Born at Cheddleton Hospital in Staffordshire, he was the second son and younger child of David Henderson (c.1900–1953), doctor of medicine, and (Beatrice) Mary Stewart (c.1905–1956), teacher and administrator, both of whom were Scottish. He was brought up, unconventionally and rather unhappily, in a large mental hospital near Leek, where his father was resident GP. He joined his brother, David, at Adams' Grammar School, Newport, Shropshire, which he attended from 1947 to 1952, excelling in cricket and rugby. He served his national service in the RAF regiment in Germany.

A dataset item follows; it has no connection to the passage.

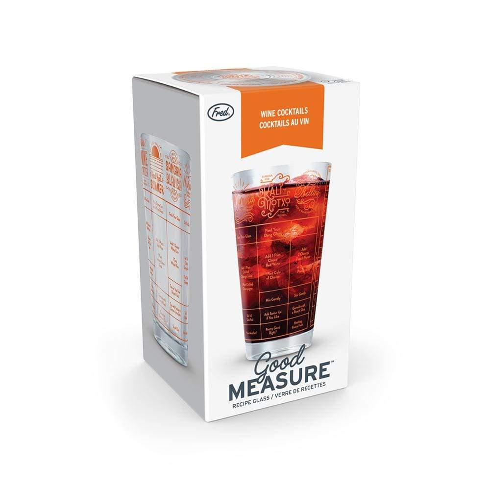 Mix it up with GOOD MEASURE! This 16 ounce measuring glass is printed with seven delectable wine cocktail recipes that are sure to turn you into the most-exacting mixologist. Hand wash only. Cheers!

After studying at Goldsmiths College and Camberwell School of Art he spent time at Edinburgh College of Art before returning to London to build his reputation.

In May 2000 Henderson was awarded an honorary fellowship of the London Institute, in recognition of his contribution to art and of his 30 years' distinguished teaching at Camberwell College of Arts, having joined the staff in 1970 when the school was still called Camberwell School of Arts and Crafts. His students included such notable studio potters as Jim Malone, Angus Suttie, and Sara Radstone. "Ewen Henderson was one of the most important and influential ceramic artists of the late twentieth century.

He preferred irregular, hand-built forms, and developed a technique in which a patchwork of different types of clay was used."

In 2002 a newly constructed hall of residence housing 260 students was named Ewen Henderson Court in his memory and honour. It is located in New Cross Gate, London.